このエントリは2023/11/22現在の情報に基づいています。将来の機能追加や変更に伴い記載内容からの乖離が発生する可能性があります。
問い合わせ
先日以下のような問い合わせが届いた。
現在Front Door (Premium) を前段に構え、App ServiceでホストするWebアプリケーションがある。App Serviceは様々なリージョンに配置されているが、各リージョンに1個だけ存在し、トラフィックに応じてスケールアウトするように構成済みである。また、health probeに使えるAPIを構成済みである。対してFront Doorは、最低遅延のoriginにルーティングするよう構成済みである。この条件下で各App Serviceがhealthyかどうかを確認したいのだが、どうすればよいか?
絵にすると以下のよう。

で、ふつうにFront DoorからHealth Probe APIにアクセスすると、一番近いリージョンのApp ServiceのAPIを呼び出すだけになってしまうし、わざわざVMを各リージョンのVNetに立ててスケジュール起動するのもメンテナンスが大変で、かつエレガントではないのでどうしたものか、ということらしい。
対応策
いろいろやり方は考えられるが、コンポーネントを新規追加しなくてもよい方法として、以下を案内した。

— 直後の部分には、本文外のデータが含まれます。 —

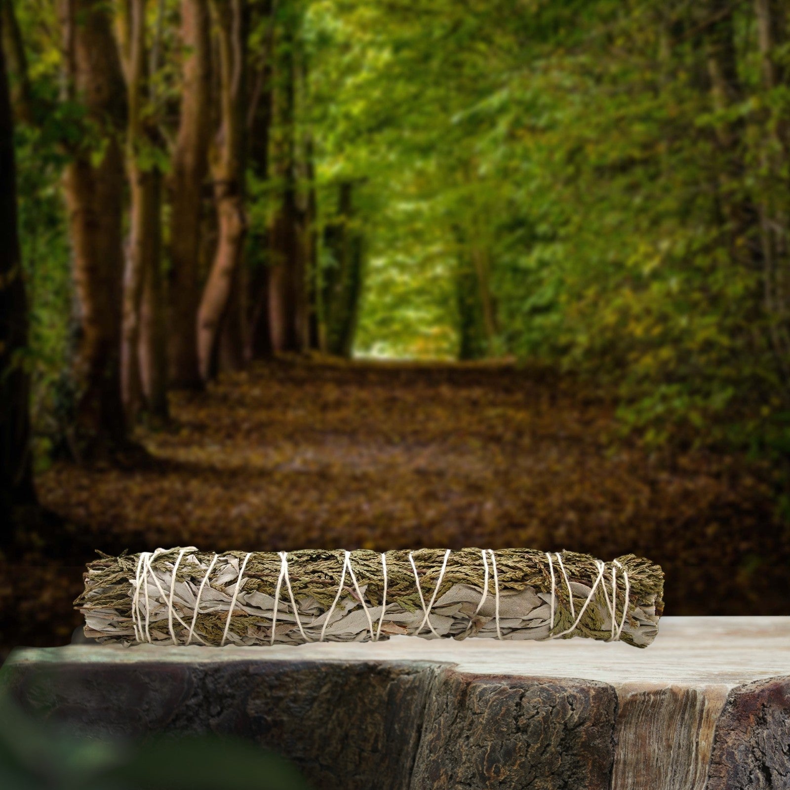 White Sage is traditionally used to clear stagnant energy and invite fresh perspective, while Cedar brings a warm, earthy strength....often used for protection and ancestral connection. Together, they create a deeply aromatic smoke that supports intention-setting, meditation and mindful transitions.
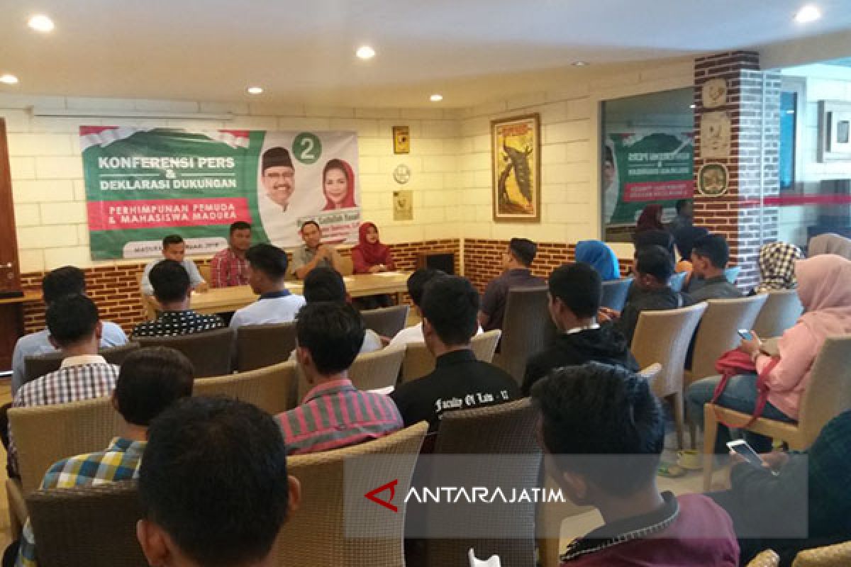 Para pemuda dari berbagai kabupaten di Madura, serta pemuda perantauan dari luar Madura dari sejumlah perguruan tinggi di Indonesia, hadir dalam deklarasi itu, sebagai wujud komitmen dan dukungan pada Calon Gubernur dan Wakil Gubernur Jatim nomor urut 2 tersebut. (*)

Front DoorでOrigin group(配信元グループ)をリージョンごとに作成し、そのOrigin groupに対してルーティングできるようにしておく。Probe APIへのアクセスは、特定のIPアドレスからの、特定のHTTP Headerを付与したトラフィックのみFront Doorで許可する。
もうちょっと具体的に
この問い合わせ主のWebアプリケーションを束ねるOrigin groupには複数のApp Serviceが含まれている。App Serviceは各リージョンに1個ずつ配置していたので、リージョンごとにOrigin groupを構成し、その中にApp Serviceを配置してトラフィックを当該Origin groupに流すようにした。2023/11/22現在のFront Doorの課金ルールは以下のようになっているため、Endpointやルールの追加は直接費用に関係しない。
- 稼働時間に基づく基本料金
- データ伝送に関連する料金
- Edge からクライアントへの送信用データ転送
- Edge から配信元への送信用データ転送
- リクエストに基づく料金 (Premium/Standardで異なる金額)
Azure Front Door の価格 / Azure Front Door pricing
https://azure.microsoft.com/pricing/details/frontdoor/#pricing
ルーティング方法はPath、Query Parameter、Endpointなど様々な方法があるので好きなものでどうぞ。
他の方法は?
Front Door経由のEnd to Endチェックではなく、App Serviceだけをチェックしたいなら、Function AppやAPI Managementなどを使って、VNetから直接各App Serviceを呼び出す、ということももちろん可能。ただ新規サービスコンポーネントを入れることになるので、追加費用が発生する(Flex Consumption planやAPI Management Standard V2は、2023/11/22時点では一部リージョンでしか使えない)。